Statistical summary, Week 8:
- Total Fighter Command Establishment: 1558 planes
- Strength: 1422 planes
- Balance: understrength 136 planes
- Losses: 81 Hurricanes (+ 10 damaged), 47 Spitfires (+6 damaged), 7 Defiants
- Aircraft Production: 5 Beaufighters, 3 Defiants, 54 Hurricanes, 37 Spitfires
No account of the Battle of Britain would be complete without mentioning the spell which Winston Churchill’s personality had thrown over Britain that summer. The way the country accepted Churchill’s “Blood, Toil, Tears and Sweat” as their lot was the product of the Prime Minister’s remarkable capacity to fire up the mood of the people of Britain. Churchill’s character had a great deal to do with it. He had become every inch the wartime leader to whom Britain would respond.

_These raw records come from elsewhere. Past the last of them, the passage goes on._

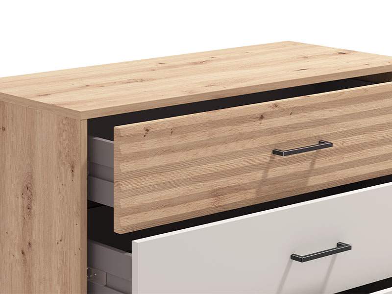 Garderober MODENA 220 OG h217 u kombinaciji dekora artisan hrasta, artisan hrast folije i kašmir dekora, predstavlja spoj funkcionalnog i moderno dizajniranog komada namještaja koji će doprinijeti kako estetici, tako i funkcionalnosti ambijenta spavaće sobe. Segment sa ogledalom na lijevom frontu, doprinosi enterijerskoj praktičnosti i maksimalnoj iskorišćenosti prostora. Upotrebni prostor ovog modela čine garderobne šipke. Posjeduje mogućnost dodavanja polica, vertikala, fioka, usporivača za klizni mehanizam, rama za garderober koji doprinosi izgledu masivnosti, kao mogućnost dodavanja rasvjete.
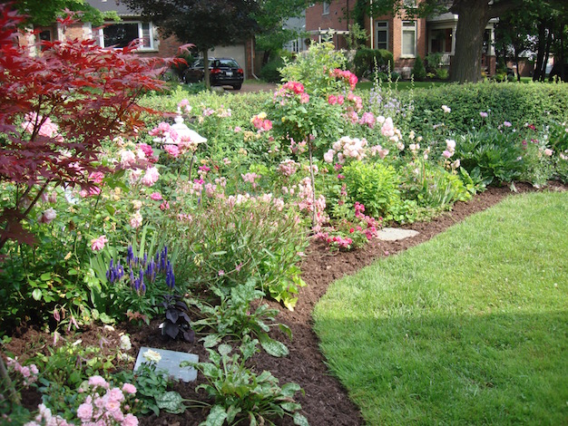 ..and Mulch with shredded bark like Hemlock, which decomposes, adding nutrients while keeping soil moist, neat and mostly weed-free. Weeds coming through are easy to pull. Cuts down on watering.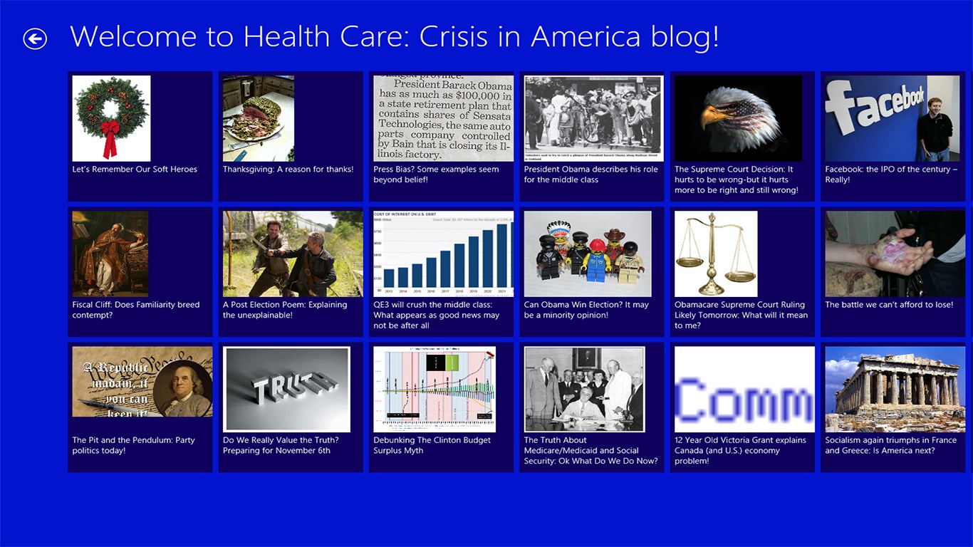 Welcome to the Health Care: Crisis in America Blog. Tom Loker, author of "The History and Evolution of Healthcare in America; The untold backstory of where we've been, where we are and why healthcare needs more reform," covers a wide array of topics related to the problems in our healthcare system including, topics focused on the economy, politics, healthcare and other areas. We are providing this application so you can gain free access to this informative and popular blog.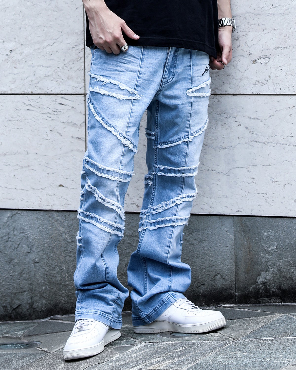 [Karl Kani] SL ストレッチ フリンジ フレア デニムパンツ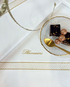 Elegante tovaglia tinta unita in misto cotone rifinita con bordo ricamato con filato in Lurex e logo Blumarine ricamato.

On the face of it, Dowding wasn’t really the kind of character who Churchill naturally warmed to. But he had been quick to realise that Dowding was the supreme professional who was perfectly fitted to his role as head of Fighter Command. Churchill’s response was generous indeed. It was after spending the day at 11 Group’s headquarters at Uxbridge, on August 16th, watching Keith Park and his team handling one of the busiest days of the Battle, that he told the General who was with him, when they left and got into their car, not to speak to him for a few minutes. He had been so moved by the experience, he said. He wanted a few minutes to reflect. He then spoke the sentence which will forever be associated with the Battle of Britain “Never in the field of human conflict has so much been owed by so many to so few”.
Churchill was to make many speeches during the war but none became more famous than this tribute to the fighter pilots as they fought the battle, which he made the centrepiece of his speech in the Commons on 20th August. It resonated heavily during the following weeks, just at the moment when the RAF’s pilots faced the most intense effort yet by the Luftwaffe to smash them.